James Ussher, The Whole Works, ed. Elrington, Vol. XIII, pp. 66–67

This is unmistakable; without naming Chillingworth (as Prideaux had not in his lecture), Ussher denounced the core tenet of his book, the book that Dr. Prideaux had licensed with many expressions of approval. If the imprimatur had been given in good faith, Prideaux and Ussher could not have remained friends; but they did remain intimate friends. The conclusion is obvious; the imprimatur was a momentary insincerity for which there must have been specific, exterior reasons.

Professor Trevor-Roper says in his essay (p. 188) that “in the wide sense” Chillingworth and perhaps others of the Great Tew set were Socinians; by “the narrow sense” he means simply denial of the Trinity. (That is in fact only one of the narrow senses of the term, only one possible consequence of following individual reason.) But if Chillingworth was a Socinian in any sense of the word, he must have been so in the only book he published; and if there’s no difference between that book and the lecture, then Prideaux and his friend Ussher must have condoned Socinianism “in the wide sense,” even as they were denouncing the creed in all senses.
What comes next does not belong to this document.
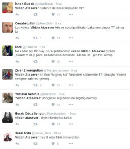 Altın Portakal ödüllü ünlü oyuncu Vildan Atasever, sosyal medyada TT oldu. Atasever’in hayranları, ünlü oyuncunun TT olması karşısında meraklandı. Sosyal medya kullanıcıları, Vildan Atasever’in neden TT olduğunu merak ederek “Neden Tt de biri açıklayabilir mi”, “Lan yoksa Vildan Atasever Aile ve sosyal politikalar bakanımı oluyor TT olmuş”, “Bohçasını alıp birine mi kaçmış” şeklinde yorumlarda bulundular.İşte o yorumlardan bazıları;

This position makes absolutely no sense.

The exchange of letters published on June 16 proved that Chillingworth was not by any means a man of good faith—that his record included a long list of activities as spy, informer, and equivocal deceiver.* Now we have settled that Prideaux’s imprimatur could not possibly have been affixed to The Religion of Protestants in good faith. Remains only to ask, in the classic phrase, how much did Archbishop Laud know about all this, and when? If he knew a good deal, as seems pretty sure, and actually had a hand in directing the actors—as is likely, but not yet definite—what ends did he have in mind? That is the question to which my proposed answer is, I hope, only the first of many speculations. But in this entire matter from first to last, I protest on conscience I have had no other motive than to lay bare the truth so far as it can be found. If people have been hurt by it, too bad; I do not think the historian I described in the first paragraph of my original review would want it otherwise.